Back in the day, if I was testing a washing machine’s wash cycle (when they used to be hot and cold fill) I would turn off the cold water tap during the initial fill. This would get the wash water temperature off to a good head start, which cut the wash time down dramatically.
Washing machines historically have filled up with water and started to wash. They then continue to wash until the thermostat closes at the designated temperature. At that time, the washing machine would either instantly move onto the rinses, or it may be that they just wash for a short time longer.
If washing machines just used a set time period, the results would be pretty uneven and unpredictable. Modern washing machine detergents are designed to work at specific temperatures. So for example, if someone’s washing machine heating element was caked in limescale, their washing machine may never even reach 40° on a 40° wash cycle due to reduced heating efficiency. Also, in winter, the temperature of the cold water entering the washing machine would be many degrees lower than it is during summer. So you would get different wash results in summer to winter. It makes much more sense to ensure that the water temperature has reached the required level before moving onto the next stage. This is why I believe adding hot water to a cold fill washing machine can detrimentally affect its washing efficiency.
It’s always possible that they have changed how they work for some reason that I have not been aware of.

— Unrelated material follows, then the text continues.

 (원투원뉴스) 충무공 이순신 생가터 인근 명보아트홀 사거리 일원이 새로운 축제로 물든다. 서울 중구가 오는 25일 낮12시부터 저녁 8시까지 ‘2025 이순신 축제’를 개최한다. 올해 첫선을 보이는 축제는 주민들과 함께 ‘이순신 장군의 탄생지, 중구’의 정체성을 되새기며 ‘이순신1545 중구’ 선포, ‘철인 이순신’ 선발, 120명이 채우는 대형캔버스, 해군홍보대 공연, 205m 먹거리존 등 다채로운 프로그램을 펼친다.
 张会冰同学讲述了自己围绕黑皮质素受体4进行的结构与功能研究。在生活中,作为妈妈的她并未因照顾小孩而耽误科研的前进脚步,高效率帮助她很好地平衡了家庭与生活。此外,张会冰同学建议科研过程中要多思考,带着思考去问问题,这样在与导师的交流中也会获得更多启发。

But I can’t see of any advantage at all with washing for a set time period, with no knowledge of the temperature of the water.

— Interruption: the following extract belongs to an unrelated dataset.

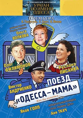 Сегодня юмористический жанр несколько дискредитирован, поэтому зрителю всегда приятно, когда ему напоминают, что такое хорошая комедия. Спектакль «Поезд «Одесса-мама» — как раз такая постановка, в которой театральные эксперименты авторов органично сливаются с точной работой режиссера Игоря Славинского и блестящей актерской игрой Русланы Писанки, Олега Филимонова, Виктора Андриенко, Якова Гоппа.

You’re wrong when you state,”the majority of households in the UK get their hot water supply from a hot water tank upstairs” the vast majority have combo boilers. Almost 55% giving almost instant hot water.
Thanks Clive. It was correct at the time of writing, and more importantly at the time that manufacturers made the decision to switch over to cold fill. I will rephrase that. However, having a combination boiler makes no difference to most people in relation to this issue, because they usually still take a long time to produce hot water, by which time the washing machine will have finished taking in water. If a combination boiler is very close to the washing machine, then this may not be such a problem.

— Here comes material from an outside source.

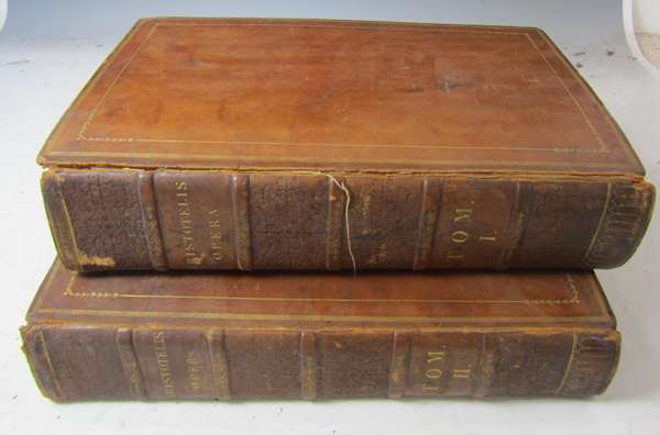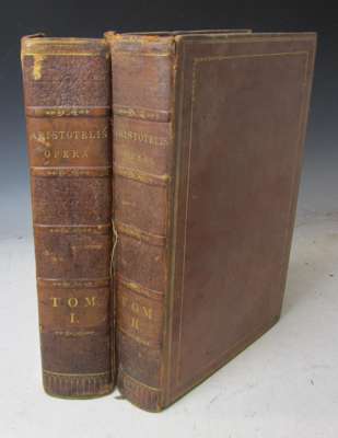 Opera omnia quae extant, Graecè & Latinè. edited by Guillaume du Val. Paris: Typis Regis [i.e. Robert Estienne III], 2 volumes, folio, titles printed in red and black with engraved vignette, parallel text in Greek and Latin, folding table, library stamp to title versos and several other leaves, nineteenth century diced calf by George Mullen, Bookbinders, Dublin with their ticket, occasional minor discolouration, volume 1 cover detached, one hinge weak

As it happens, in every house I have ever lived in, there has been a hot water cylinder storing hot water. But after 17 years in my current house, we have just had the boiler replaced by a combination boiler. The boiler is in our loft, which admittedly is further away than most, but it actually takes slightly longer for hot water to run through our taps with the new combination boiler than it did with the old hot water cylinder.
It would be nice if manufacturers could state the maximum temp that their machine could take in on the COLD inlet – as I’m thinking of having an under-sink type boiler that pre-heats the water to 30C from my solar panel over say 15-40 mins.
The boiler would be on a solar diverter circuit, i.e. only heating with pure solar electric.
My washing machine would be on a slight delay to allow the water in the boiler to heat up.
Hi James. Tbh I think preheating the water has questionable value. If it’s free to heat the water up that’s not so bad. But modern washing machines and detergents are designed to work best when water is cold and slowly heats up. This is especially the case for biological detergents. So biological detergents in particular could have reduced effectiveness.
Also, washing machines tend to wash until the required temperature is reached, and then pump out the water, and move on to rinsing. If water is already 30 degrees when it starts, then any 30 degree wash cycle is likely to substantially reduce the wash time. 40 degree wash cycles could also cut the wash time substantially. This would be likely to adversely affect how well it washes the laundry.